_Requirement_. Reproduce the data exactly as given, except for any images.

----- Data extract -----

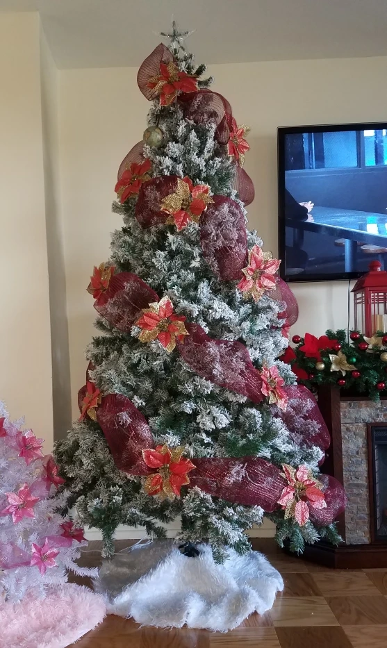 Selling a Christmas tree. Beautiful 8-foot-tall Christmas tree. Green leaves frosted white. No lights. Decorations not included. From a no smoke, no pets home.
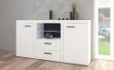 Komoda Rizo je nejen skvělým doplňkem k bytové stěně Rizo. Stejně výborně poslouží jako samostatný kus nábytku. Komoda má univerzální využití a nabízí dostatek úložného prostoru. Komoda je vyrobena z odolného a stálobarevného lamina. Komoda je dodávaná v demontu. Součástí balení je schematický montážní návod, včetně všech potřebných spojovacích prvků. Vyobrazené doplňky, LED osvětlení a dekorace nejsou v ceně.
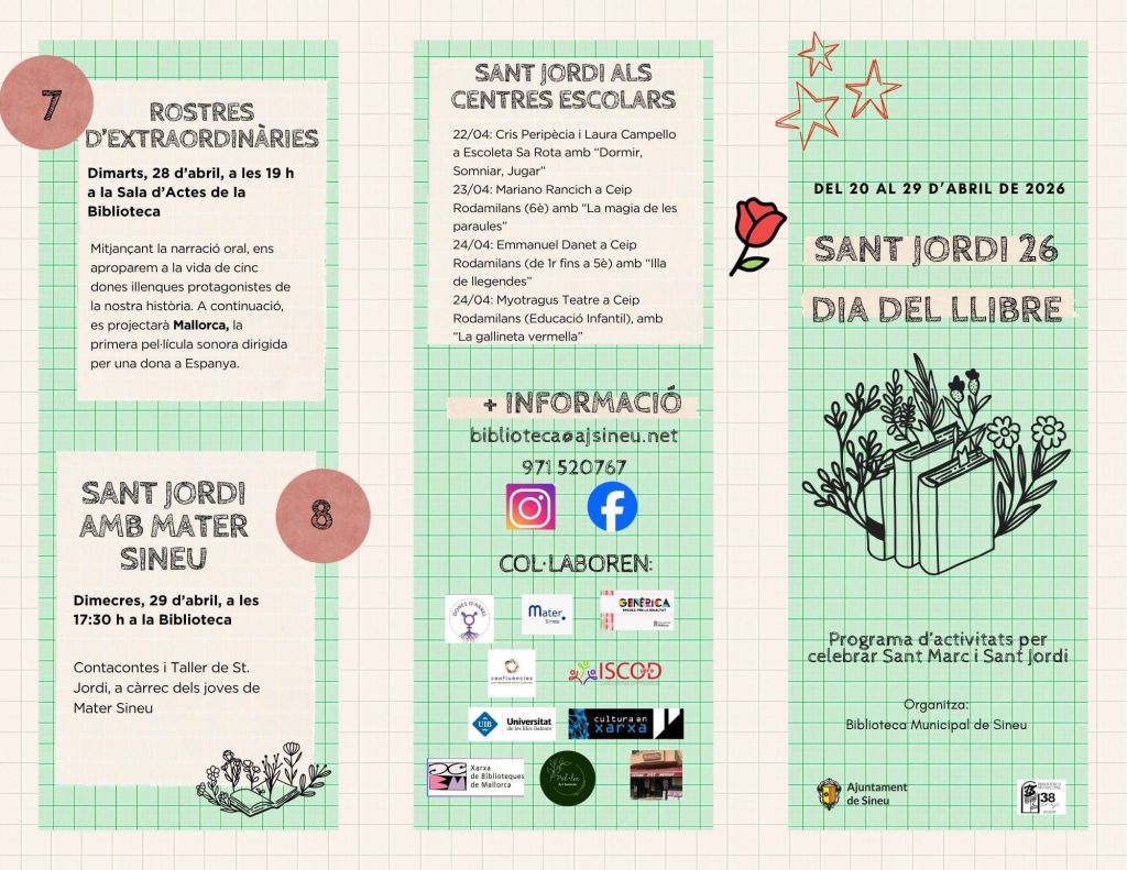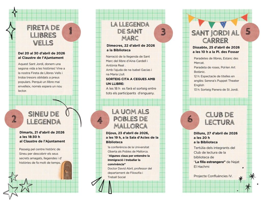 La literatura i la reflexió també hi tenen un paper central. El 23 d’abril, coincidint amb el dia gran, tendrà lloc una conferència dins el cicle Universitat Oberta als Pobles de Mallorca, que abordarà temes socials contemporanis. A més, el Club de Lectura de la biblioteca oferirà una tertúlia literària al voltant de l’obra La filla estrangera de Najat El Hachmi.

-----

_Answer to this problem_.
 Selling a Christmas tree. Beautiful 8-foot-tall Christmas tree. Green leaves frosted white. No lights. Decorations not included. From a no smoke, no pets home.
 Komoda Rizo je nejen skvělým doplňkem k bytové stěně Rizo. Stejně výborně poslouží jako samostatný kus nábytku. Komoda má univerzální využití a nabízí dostatek úložného prostoru. Komoda je vyrobena z odolného a stálobarevného lamina. Komoda je dodávaná v demontu. Součástí balení je schematický montážní návod, včetně všech potřebných spojovacích prvků. Vyobrazené doplňky, LED osvětlení a dekorace nejsou v ceně.
 La literatura i la reflexió també hi tenen un paper central. El 23 d’abril, coincidint amb el dia gran, tendrà lloc una conferència dins el cicle Universitat Oberta als Pobles de Mallorca, que abordarà temes socials contemporanis. A més, el Club de Lectura de la biblioteca oferirà una tertúlia literària al voltant de l’obra La filla estrangera de Najat El Hachmi.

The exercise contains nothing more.